Amélie, a new Broadway musical based on the 2001 French movie and first mounted at the Berkeley Repertory Theatre, is in the same inner-fantasy genre. But (with one important exception) it’s far from being in the same league.
While we, the audience, are waiting for Amélie to begin, we see a blue and white damask front curtain suddenly come to life. Animated butterflies, birds and rabbits dart hither and yon. This bit of fancy is quite charming. And then we meet Amélie as a child (Savvy Crawford). She lives in a dismal world. Her parents are literally hands off. They show her no affection. They home-school her so that when she grows up she has no friends, knows nothing of other people or of love. At a young age she has already retreated into her own fantasy world.
Eventually Amélie moves to Paris, lives in a small apartment and works at a café with a group of oddball people. One day she finds a hidden box in her apartment and gets such joy from returning it to its owner that she decides to pattern her life on Princess Di’s and devote herself to doing good deeds.
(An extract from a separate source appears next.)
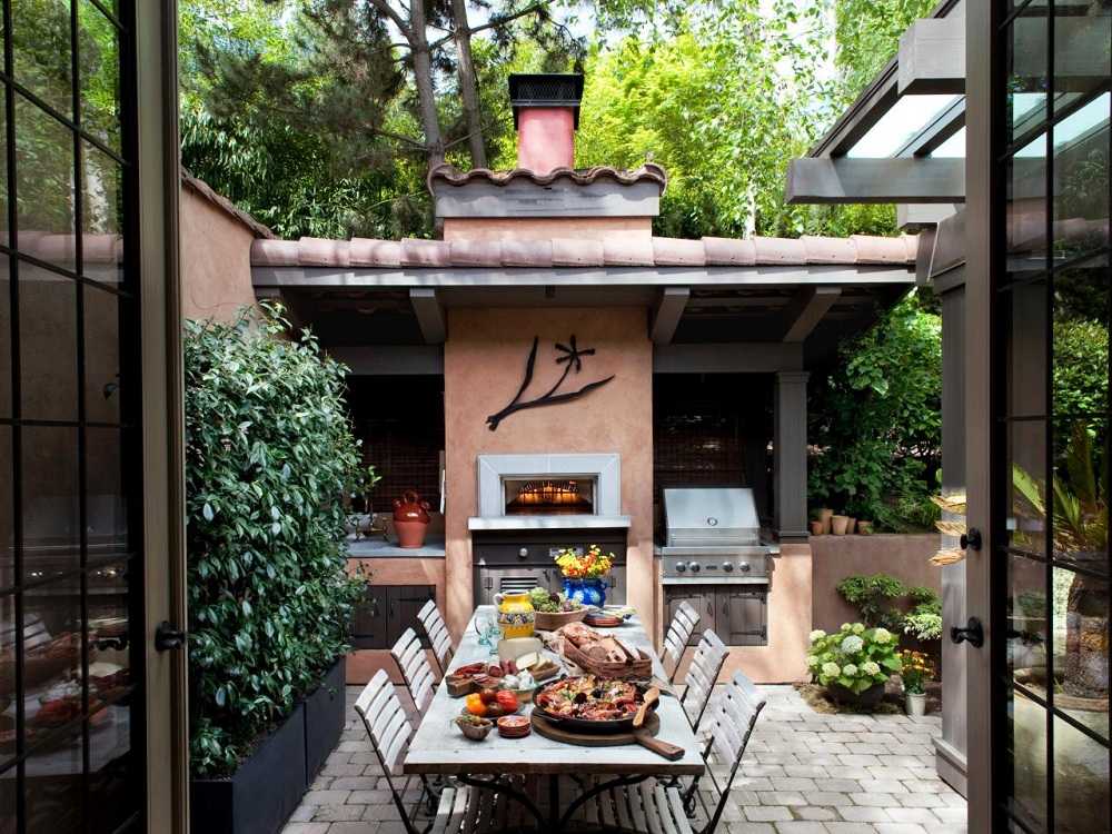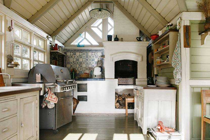 - на такой кухне обычно располагают барбекюшницу или мангал.

This involves finding café colleagues their soul mates and returning a book of photos to its owner. The owner, it turns out, is a handsome young man. You can guess the rest.
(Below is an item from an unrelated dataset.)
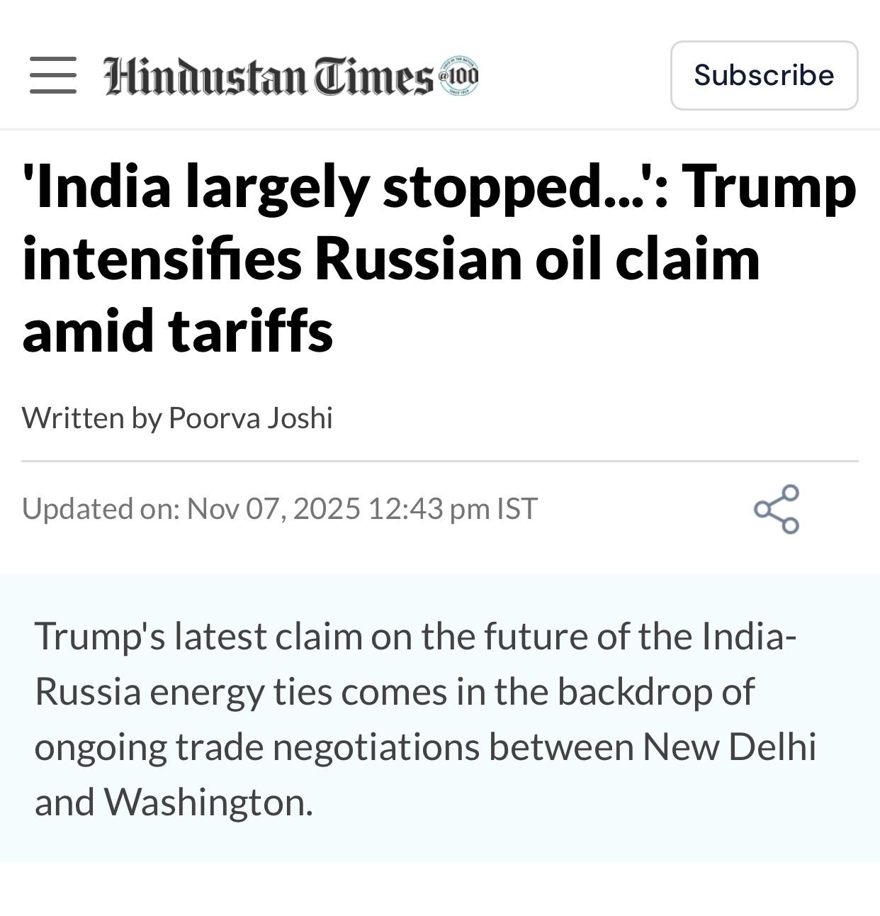 印媒:特朗普称印度”基本上停止了购买俄罗斯石油” 印度《印度斯坦时报》官网11月7日报道:美国总统特朗普在声称印度将很快暂停其与俄罗斯的石油贸易数天后,进一步强化了这一说法,现在称印度已“基本停止”(“largely stopped”)购买。 报道说,特朗普周五在白宫与媒体互动时发表了上述言论,甚至表示明年可能会访问印度。“(与印度的贸易谈判)进展顺利,印度基本上停止了从俄罗斯购买石油。他是我的朋友,我们聊过,他想让我去那里。我们会解决这个问题,我会去的……”,特朗普说道。 报道说,特朗普关于印俄能源关系未来的最新言论,是在新德里和华盛顿之间正在进行的贸易谈判的背景下提出的,俄罗斯石油是该讨论的核心。特朗普对印度进口商品征收了50%的关税,该关税于8月生效。虽然从那时起,特朗普对印度的语气曾经发生变化,但他仍然要求印度必须停止俄罗斯的石油贸易。 报道说,特朗普早些时候声称,总理莫迪“向他保证”,印度会很快停止与俄罗斯的石油贸易。“.…..我对印度购买石油感到不高兴。他(莫迪)今天向我保证,他们不会从俄罗斯购买石油。这是一大步”,这是他在10月首次说的话,之后又重复了几次。 然而,印度否认了特朗普对俄罗斯石油的主张,称其不知道总统和莫迪总理之间的任何电话。 印度外交部发言人贾斯瓦尔(Randhir Jaiswal)曾表示:“关于莫迪总理和特朗普总统之间是否有过对话或电话的问题,我不知道两位领导人昨天有任何对话”(“On the question of whether there was a conversation or a telephone call between Prime Minister Modi and President Trump, I am not aware of any conversation yesterday between the two leaders”)。 报道的原标题是《’India largely stopped...’: Trump intensifies Russian oil claim amid tariffs》(“印度基本上停止了......”:特朗普在关税问题上强化对俄罗斯石油的言论)。

Paris, as seen through Amélie’s eyes, has a bridge, stars, a rising moon, windows and doors all over the place. It has a gnome who lives atop a mushroom, looking like a Travelocity product placement. Designed by David Zinn (who also did the costumes), the set is sadly jumbled and distracting.
Amélie also has too many not-very-tuneful songs (Daniel Messé) and lyrics (Nathan Tysen and Daniel Messé) that are often expository and, frankly, boring or silly. These opening lyrics will give you an idea …
The moment a blue fly takes flight, it passes a fruit stand and lands on a fig, as the new owner’s taking a bite
The one memorable and wonderful exception to this otherwise frivolous musical is Tony nominee Phillipa Soo. When she is on the stage, the entire theatre lights up. Soo, who played the wise, deep, emotional Eliza Schuyler Hamilton in Hamilton, can twist the Amélie audience around her finger with just a playful smile. Dressed in a multi-patterned red dress and black boots, she pushes her boots up and down the Paris bridge and makes you believe in her character and the story. If only she were on the stage all the time.
The other actors, including the leading man, Adam Chanler-Berat, all carry the weight of their characters. They are talented – but replaceable. Soo is not. Thanks to her many screaming fans, she may keep this show afloat longer than it deserves.
In the breadth and depth of her talent, in her total, compelling charm, Phillipa Soo is another Audra MacDonald. I loved her, but I couldn’t buy into Amélie. Even with a discounted ticket I didn’t get my money’s worth.
Book by Craig Lucas; Music by Daniel Messé; Lyrics by Nathan Tysen and Daniel Messé; Directed by Pam Mackinnon; Musical Staging and Choreography by Sam Pinkleton; Musical Direction by Kimbery Grigsby; Scenic and Costume Design by David Zinn; Lighting Design by Jane Cox and Mark Barton; Sound Design by Kai Harada; Production Design by Peter Nigrini.
Starring: Phillipa Soo and Adam Chanler-Berat with an additional cast of sixteen.